Application: the co-structure of plant-lepidopteran networks

Data set. In this study, we used two large bipartite networks of interactions between Lepidoptera and plant species from the state of Baden-Württemberg (Germany). The dataset has been compiled and studied by F. Altermatt and I. Pearse5,37,39,58. Lepidoptera species represented >90% of all resident Macrolepidoptera species that have ever been recorded in the Baden-Württemberg state55. Information on plant species with which Lepidoptera species interact was obtained from published work55. We considered all terrestrial vascular plant species found in Baden-Württemberg as potential hosts, based on the published plant database http://www.floraweb.de/ 58.

The dataset used herein is based on an extensive compilation of semi-quantitative estimates of plant-insect interactions, which were assembled by hundreds of entomologists in Baden-Württemberg (for details see Ebert59). The data set is based on in total of 2,149 million adult individuals (nectaring visits) and 2,342 million larval individuals (herbivory records) recorded for all these Lepidoptera species (excerpt of the database of Ebert59,60; see also Altermatt & Pearse5). Thereby, it may be one of the most complete plant-insect interaction datasets. Information on the magnitude/abundance of an interaction is on an ordinal scale, and the dataset is especially complete for rare species, given that those have often received disproportionate attention by entomologists. Thus, rarity of a species does not drive a species degree distribution, but the degree distribution is especially well resolved for rare species (for details see also5,37,39,58). Furthermore, the use of host plants is especially well resolved for specialist species, while the interactions for the trophically most generalist species are not completely covered. The dataset is highly robust to rarefaction/subsampling. For example, Pearse & Altermatt37 showed that the removal of up to 80% of the observed interactions does only marginally reduce the predictability of novel host plants uses.
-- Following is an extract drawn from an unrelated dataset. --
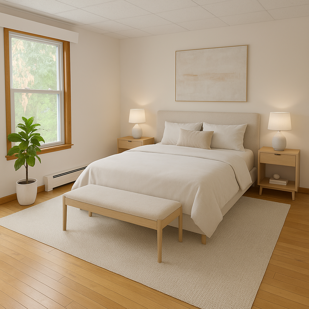 -Premium furniture & curated accessories for 1-2 key fully staged rooms

The herbivory network depicts interactions between caterpillars and the plant species they feed on (antagonistic interactions). The visitation network depicts Lepidoptera species visiting plants to feed on nectar and potentially pollinate them (mutualistic interactions). Since our objective is to describe similarity among modules of the herbivory and visitation networks, we include all Lepidoptera and plant species in the two networks (e.g. Lepidoptera species interacting with some plants in the herbivory network but with no plant in the visitation network were included as species with zero degree in the visitation network). Among species with no interaction in the visitation network were some lepidopterans that do not have a functional proboscis, and thus only interact as herbivores with host plants. A lack of a larval interaction is due to missing observations, or (for a few cases) interactions with non-vascular plants only as larval host plants.

Interaction networks describe 11,533 interactions among 972 Lepidoptera species (from 25 families) and 1,123 plant species (from 103 families). Of those, 5,219 comprise interactions of caterpillars and their host plants and 6,314 comprise interactions with adult lepidopterans and nectar source plants. Network connectance was calculated as \(C=\frac{L}{AP}\), with L being the number of interactions and A and P the number of animal (Lepidoptera) and plant species, respectively, and was higher in the visitation than in the herbivory network (C V  = 0.006, C H  = 0.005).

The modular structure of the herbivory and the visitation networks was estimated by maximizing modularity i.e. partitions of the original graph were allowed only if they increased modularity45. The modular structure after each partition was characterized by calculating the leading non-negative eigenvector of the modularity matrix of the graph45. We used the package ‘igraph’ under R. After identifying module composition in both networks, we obtained the normalized mutual information (I) as described above (see Appendix S1, Supplementary information).

Data availability statement

R scripts and data are available as online supplementary information.